Work required:
Transcribe the entries that come next exactly, but not the pictures they contain.

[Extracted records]
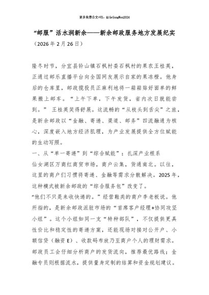 / 【七哥公文】2026年:“邮服”活水润新余——新余邮政服务地方发展纪实+更多免费公文+VX:QiGeGongWen2024
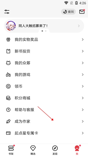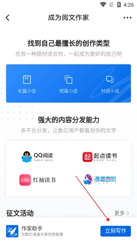 2.点击最下方的“成为作家”。
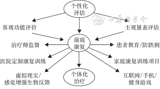 对患者的个体化评估是进行个体化治疗的前提,包括主观评估和客观评估。医师应提供监督下的个体化VRT治疗,并对患者进行充分教育,使其在家中能够规范进行家庭训练项目,新兴技术亦可为患者提供个体化的治疗。VRT的实施通常包括两种方式:第一种是医师监督+家庭定制方案[20],医师根据诊断和评估制定个体化的VRT方案,患者每1~2周前往医院,在治疗师的监督下进行2~3次的VRT训练,并定期进行康复评估调整训练方案。同时医师应为患者制定家庭VRT方案,患者在家中按要求进行同步训练。第二种方式是以家庭定制方案为主[21],根据对患者的诊断和评估制定个体化的家庭VRT方案,患者在家中进行康复训练,并定期前往医院进行康复评估或者治疗师进行定期家庭随访,以进一步调整训练方案(图2)。
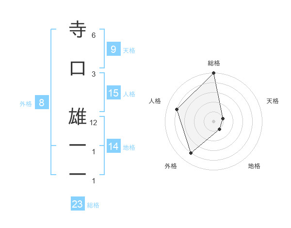 寺口 雄一一さんの総格は23画の5点!
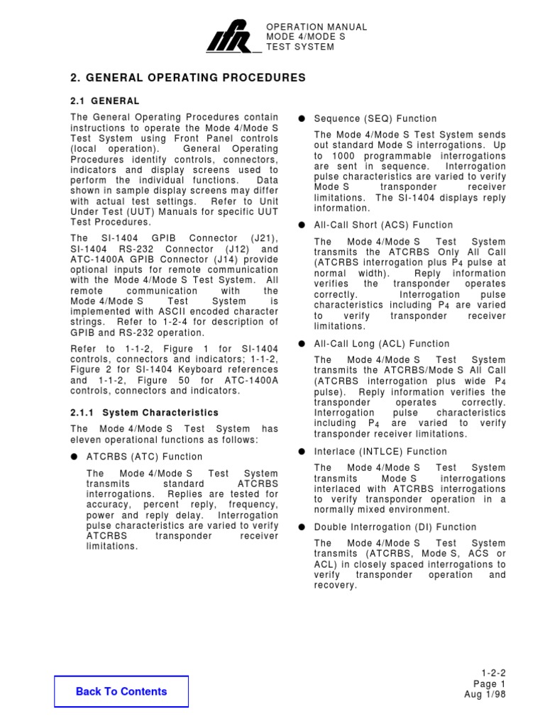 wi t h t he Mode 4/ Mode S Test Syst em. Al l

Result of this task:
 / 【七哥公文】2026年:“邮服”活水润新余——新余邮政服务地方发展纪实+更多免费公文+VX:QiGeGongWen2024
 2.点击最下方的“成为作家”。
 对患者的个体化评估是进行个体化治疗的前提,包括主观评估和客观评估。医师应提供监督下的个体化VRT治疗,并对患者进行充分教育,使其在家中能够规范进行家庭训练项目,新兴技术亦可为患者提供个体化的治疗。VRT的实施通常包括两种方式:第一种是医师监督+家庭定制方案[20],医师根据诊断和评估制定个体化的VRT方案,患者每1~2周前往医院,在治疗师的监督下进行2~3次的VRT训练,并定期进行康复评估调整训练方案。同时医师应为患者制定家庭VRT方案,患者在家中按要求进行同步训练。第二种方式是以家庭定制方案为主[21],根据对患者的诊断和评估制定个体化的家庭VRT方案,患者在家中进行康复训练,并定期前往医院进行康复评估或者治疗师进行定期家庭随访,以进一步调整训练方案(图2)。
 寺口 雄一一さんの総格は23画の5点!
 wi t h t he Mode 4/ Mode S Test Syst em. Al l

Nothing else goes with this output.